▶ **Assignment**
Down to the last line, reproduce the data that follows, but skip the pictures.

▶ **Data block**

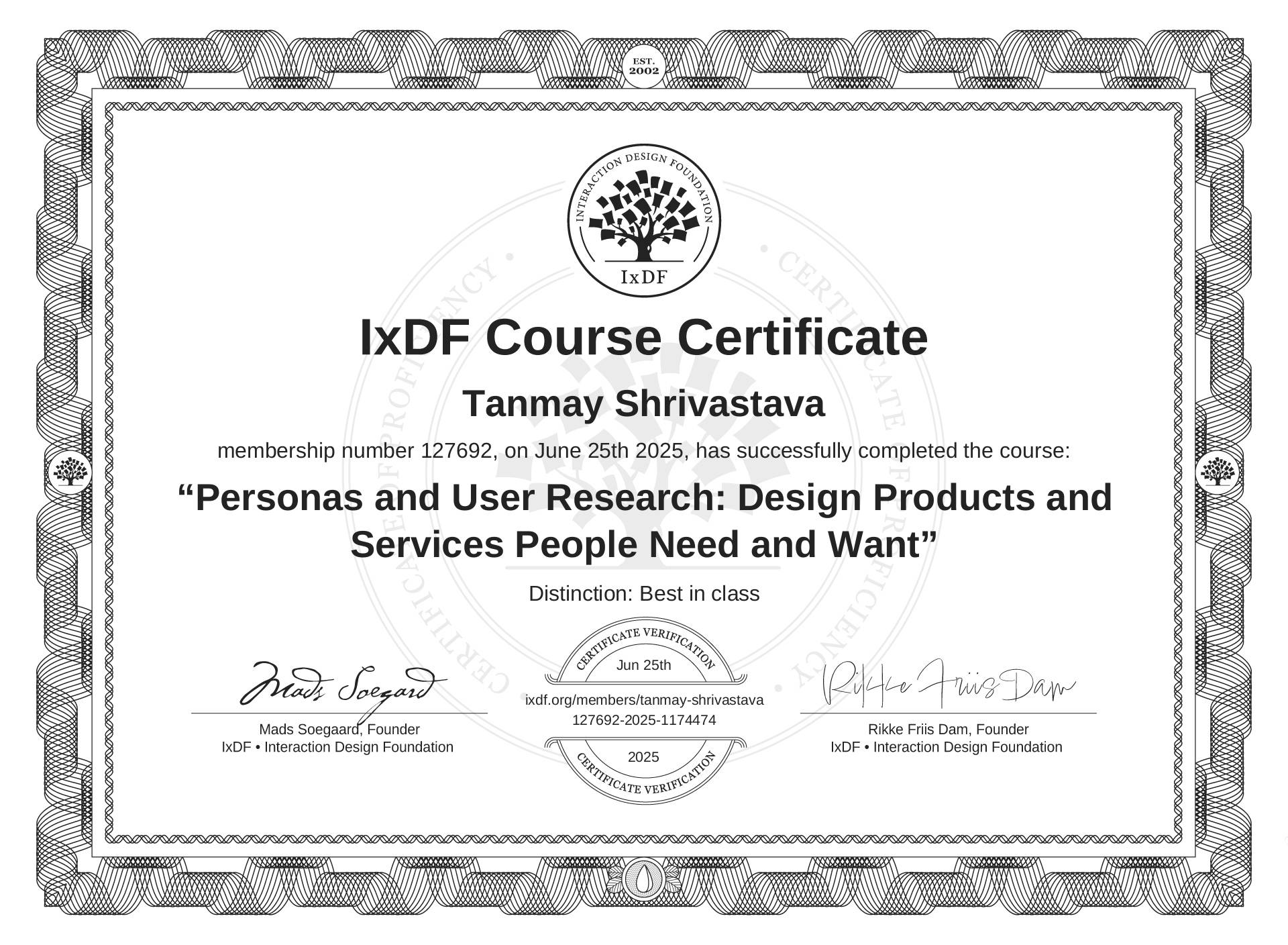 The IxDF Course Certificate above is awarded to Tanmay Shrivastava with a Best in Class Distinction in formal recognition of their coursework surpassing the rigorous benchmarks of exceptional performance established by the IxDF Educational Codex.
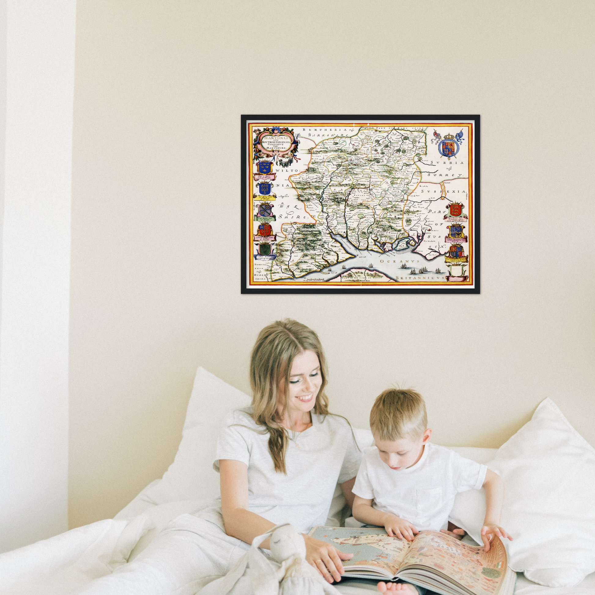 Viele entscheiden sich für diese Karte als besonderes Geschenk für Liebhaber der Geschichte oder für jene, die ihre Wurzeln im schönen Hampshire haben. Diese Landkarte erzählt Geschichten von vergangenen Zeiten und verbindet uns emotional mit der Region, die sie darstellt. Als dekoratives Kunstwerk ist sie ein wertvolles Stück für jeden, der die Schönheit und das Erbe von Hampshire schätzt. In Kombination mit einem hochwertigen Rahmen kann sie nicht nur ein persönlicher Schatz bleiben, sondern auch zum Gesprächsthema in jedem Raum werden, der mit ihr geschmückt ist.
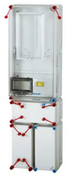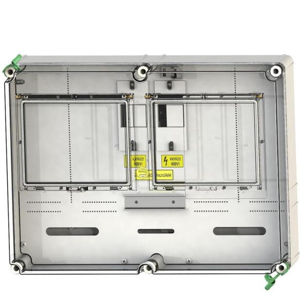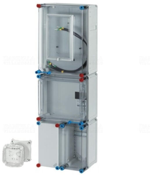 Méret: 300 x 450 x 170 mm Egyfázisú fogyasztásmérőhöz Alsó elhelyezésű kismegszakító szekrénnyel 1 db 12 modulos, csapófedeles ablakkal Maximum 12 db kismegszakító kezeléséhez 1 db 288 mm hosszú, TS35, magasított kalapsínnel PE és N sorkapoccsal A szekrényen 2 db 3P 16A/230V dugalj található 2 db 1P C16A kismegszakító 1 db 2P 40A 30mA Fi-relé Kompletten vezetékezve
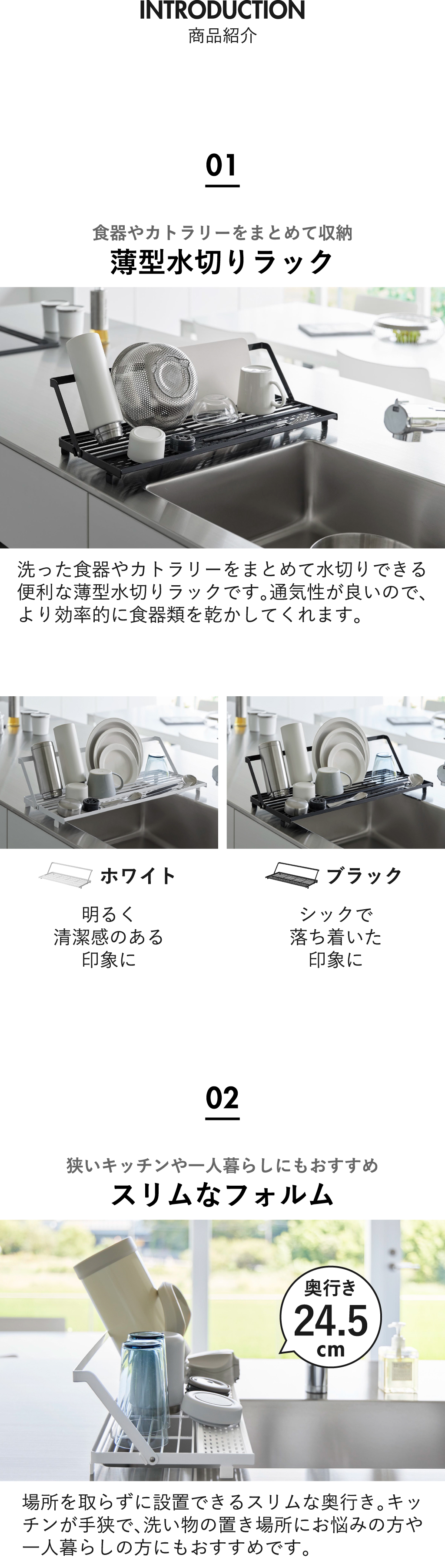 シンプル設計のスリム水切りラックで通気性が良いので、効率的に食器類を乾かしてくれます。

▶ **Result below**
 The IxDF Course Certificate above is awarded to Tanmay Shrivastava with a Best in Class Distinction in formal recognition of their coursework surpassing the rigorous benchmarks of exceptional performance established by the IxDF Educational Codex.
 Viele entscheiden sich für diese Karte als besonderes Geschenk für Liebhaber der Geschichte oder für jene, die ihre Wurzeln im schönen Hampshire haben. Diese Landkarte erzählt Geschichten von vergangenen Zeiten und verbindet uns emotional mit der Region, die sie darstellt. Als dekoratives Kunstwerk ist sie ein wertvolles Stück für jeden, der die Schönheit und das Erbe von Hampshire schätzt. In Kombination mit einem hochwertigen Rahmen kann sie nicht nur ein persönlicher Schatz bleiben, sondern auch zum Gesprächsthema in jedem Raum werden, der mit ihr geschmückt ist.
 Méret: 300 x 450 x 170 mm Egyfázisú fogyasztásmérőhöz Alsó elhelyezésű kismegszakító szekrénnyel 1 db 12 modulos, csapófedeles ablakkal Maximum 12 db kismegszakító kezeléséhez 1 db 288 mm hosszú, TS35, magasított kalapsínnel PE és N sorkapoccsal A szekrényen 2 db 3P 16A/230V dugalj található 2 db 1P C16A kismegszakító 1 db 2P 40A 30mA Fi-relé Kompletten vezetékezve
 シンプル設計のスリム水切りラックで通気性が良いので、効率的に食器類を乾かしてくれます。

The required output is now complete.